▶ _YOUR ASSIGNMENT_
Go to the line holding "Penne alla vodka" in the entries below and write out exactly every line down to and including the line holding "В каких произведениях".

─── EXERCISE INPUT ───

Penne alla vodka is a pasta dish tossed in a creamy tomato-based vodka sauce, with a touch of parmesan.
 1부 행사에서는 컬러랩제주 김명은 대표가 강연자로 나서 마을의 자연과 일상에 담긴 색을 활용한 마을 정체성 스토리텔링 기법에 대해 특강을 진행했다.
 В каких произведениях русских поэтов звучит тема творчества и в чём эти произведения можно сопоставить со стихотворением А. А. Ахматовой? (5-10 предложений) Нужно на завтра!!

───
─── EXERCISE INPUT ───

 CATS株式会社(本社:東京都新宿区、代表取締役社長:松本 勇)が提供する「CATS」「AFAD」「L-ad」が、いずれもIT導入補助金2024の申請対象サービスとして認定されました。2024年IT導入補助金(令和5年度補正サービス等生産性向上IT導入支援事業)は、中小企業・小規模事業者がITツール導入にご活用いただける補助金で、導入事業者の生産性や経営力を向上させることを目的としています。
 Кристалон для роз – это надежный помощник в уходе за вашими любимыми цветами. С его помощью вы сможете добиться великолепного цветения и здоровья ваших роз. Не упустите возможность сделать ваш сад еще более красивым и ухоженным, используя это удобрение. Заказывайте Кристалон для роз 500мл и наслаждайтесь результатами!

───

▶ _SOLUTION TO THIS EXERCISE_
Penne alla vodka is a pasta dish tossed in a creamy tomato-based vodka sauce, with a touch of parmesan.
 1부 행사에서는 컬러랩제주 김명은 대표가 강연자로 나서 마을의 자연과 일상에 담긴 색을 활용한 마을 정체성 스토리텔링 기법에 대해 특강을 진행했다.
 В каких произведениях русских поэтов звучит тема творчества и в чём эти произведения можно сопоставить со стихотворением А. А. Ахматовой? (5-10 предложений) Нужно на завтра!!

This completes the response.